Huawei has just officially launched HarmonyOS NEXT, its new operating system that is built independently of Android and the Linux kernel. The company aims to transition its current and future devices to the new homegrown OS, with an initial rollout in China before eventually expanding globally.
In case you are unaware, the brand’s current OS, which is HarmonyOS, is built upon the Android Open Source Project (AOSP), which is why many Android apps can be sideloaded on Huawei devices. With NEXT, it is based on a custom unified proprietary system built on OpenHarmony and only supports its native apps, with a self-developed Star Shield architecture for security.
The OS will work across a broad range of devices from smartphones to wearables, smart home devices, and car systems, with cloud-based interconnectivity across various form factors. The group’s chairman, Richard Yu, announced that 15,000 apps are already part of the NEXT ecosystem with more on the way.
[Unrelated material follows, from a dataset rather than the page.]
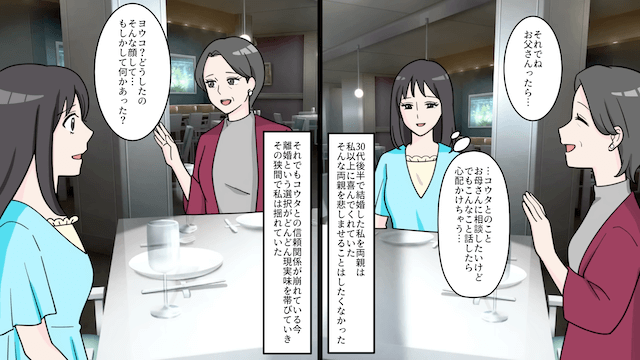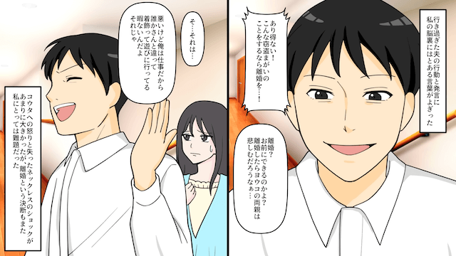 夫は飲み代のために主人公の大切なアクセサリーを売ったようで、激怒した主人公は離婚を考え始めます。
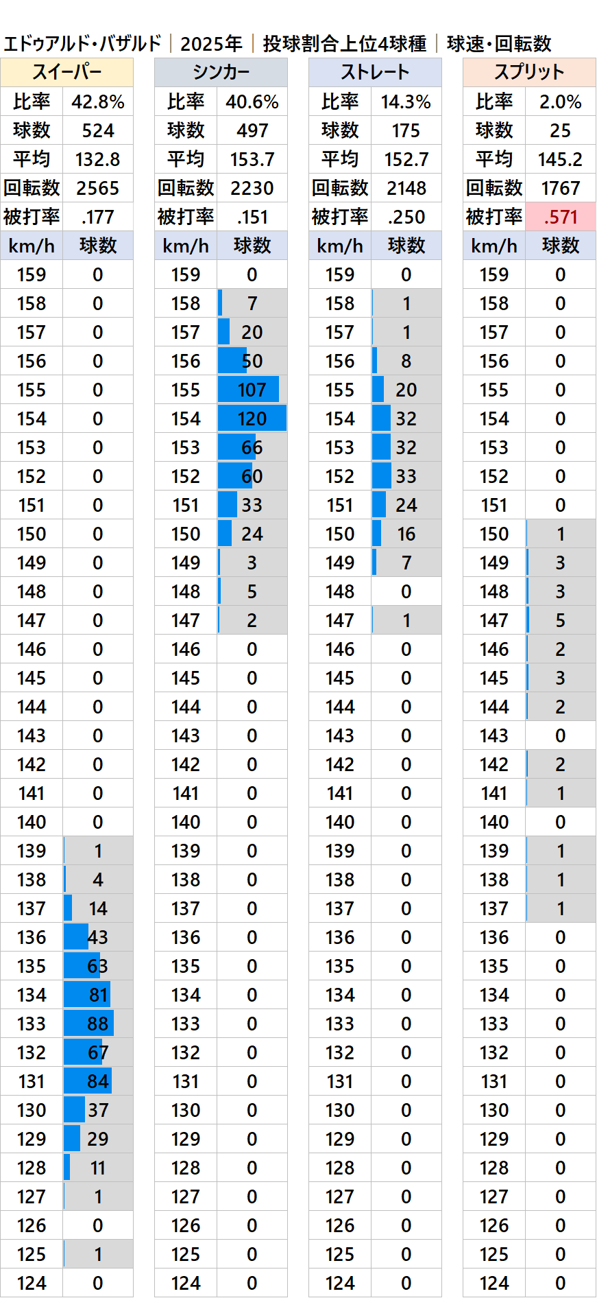 マリナーズのエドゥアルド・バザルド(バザード)投手(右投/ベネズエラ)の2025年シーズンの球種別の投球割合・球速・回転数・被打率の情報です。

NEXT introduces a refresh UI with a new lockscreen, customisation options, control centre, and faster animation, along with system-level AI features based on the Pangu large language model. Moreover, the company claims that it will offer a 30% increase in device fluency, 20% lower power consumption, faster file sharing with Share 2.0, with a claim that a 1.2GB file can be transferred between two devices within eight seconds.
The company is currently seeding a public beta of HarmonyOS NEXT in China. For now, it is limited to the Pura 70 series, Pocket 2, and MatePad Pro 11 2024.